• DATA SUPPLIED
________________

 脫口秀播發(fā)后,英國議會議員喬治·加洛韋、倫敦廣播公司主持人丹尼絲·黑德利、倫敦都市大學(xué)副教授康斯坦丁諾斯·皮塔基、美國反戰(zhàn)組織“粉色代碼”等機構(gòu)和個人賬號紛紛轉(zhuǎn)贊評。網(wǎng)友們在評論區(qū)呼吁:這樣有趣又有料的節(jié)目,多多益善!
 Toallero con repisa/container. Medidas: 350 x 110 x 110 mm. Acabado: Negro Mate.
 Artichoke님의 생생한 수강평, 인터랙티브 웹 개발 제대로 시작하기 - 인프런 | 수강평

________________

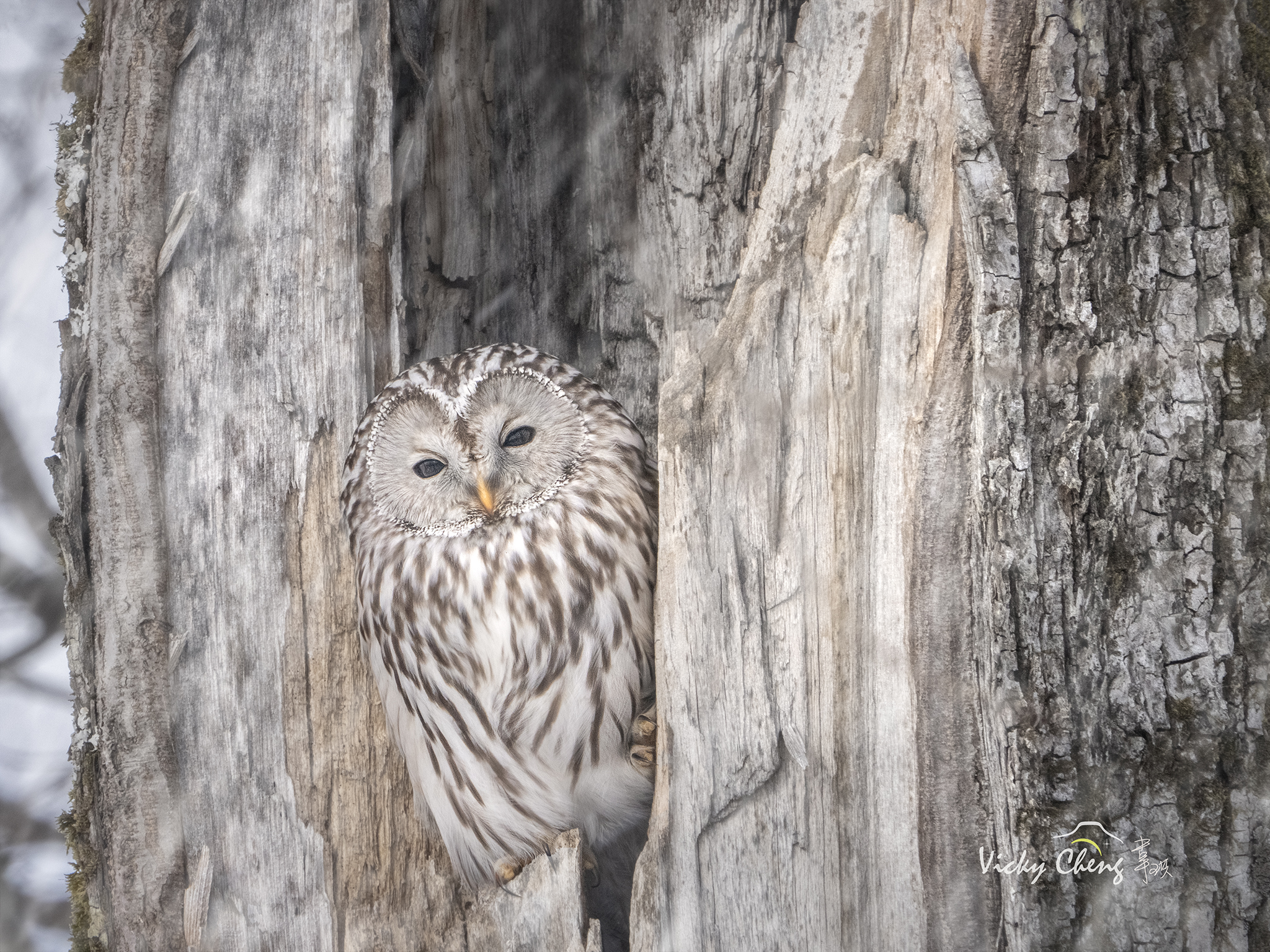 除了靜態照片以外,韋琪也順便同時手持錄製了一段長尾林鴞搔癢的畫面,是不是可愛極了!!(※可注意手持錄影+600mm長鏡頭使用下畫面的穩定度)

________________

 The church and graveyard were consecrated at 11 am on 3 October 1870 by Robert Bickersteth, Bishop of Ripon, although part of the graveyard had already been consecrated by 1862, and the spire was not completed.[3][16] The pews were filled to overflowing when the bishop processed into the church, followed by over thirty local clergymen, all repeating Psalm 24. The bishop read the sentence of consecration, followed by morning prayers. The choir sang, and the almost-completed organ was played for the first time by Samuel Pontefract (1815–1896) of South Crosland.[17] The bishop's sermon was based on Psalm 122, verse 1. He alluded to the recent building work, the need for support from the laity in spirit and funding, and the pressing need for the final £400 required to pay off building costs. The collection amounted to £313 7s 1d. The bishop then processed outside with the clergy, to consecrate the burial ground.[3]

________________

• PROBLEM TO WORK ON
What is asked for is an exact copy of the lines above from the one containing "脫口秀播發(fā)后,英國議" through the one containing "Artichoke님의 생생한 수강평, 인터랙티브", and only those.

• SOLVED EXERCISE
 脫口秀播發(fā)后,英國議會議員喬治·加洛韋、倫敦廣播公司主持人丹尼絲·黑德利、倫敦都市大學(xué)副教授康斯坦丁諾斯·皮塔基、美國反戰(zhàn)組織“粉色代碼”等機構(gòu)和個人賬號紛紛轉(zhuǎn)贊評。網(wǎng)友們在評論區(qū)呼吁:這樣有趣又有料的節(jié)目,多多益善!
 Toallero con repisa/container. Medidas: 350 x 110 x 110 mm. Acabado: Negro Mate.
 Artichoke님의 생생한 수강평, 인터랙티브 웹 개발 제대로 시작하기 - 인프런 | 수강평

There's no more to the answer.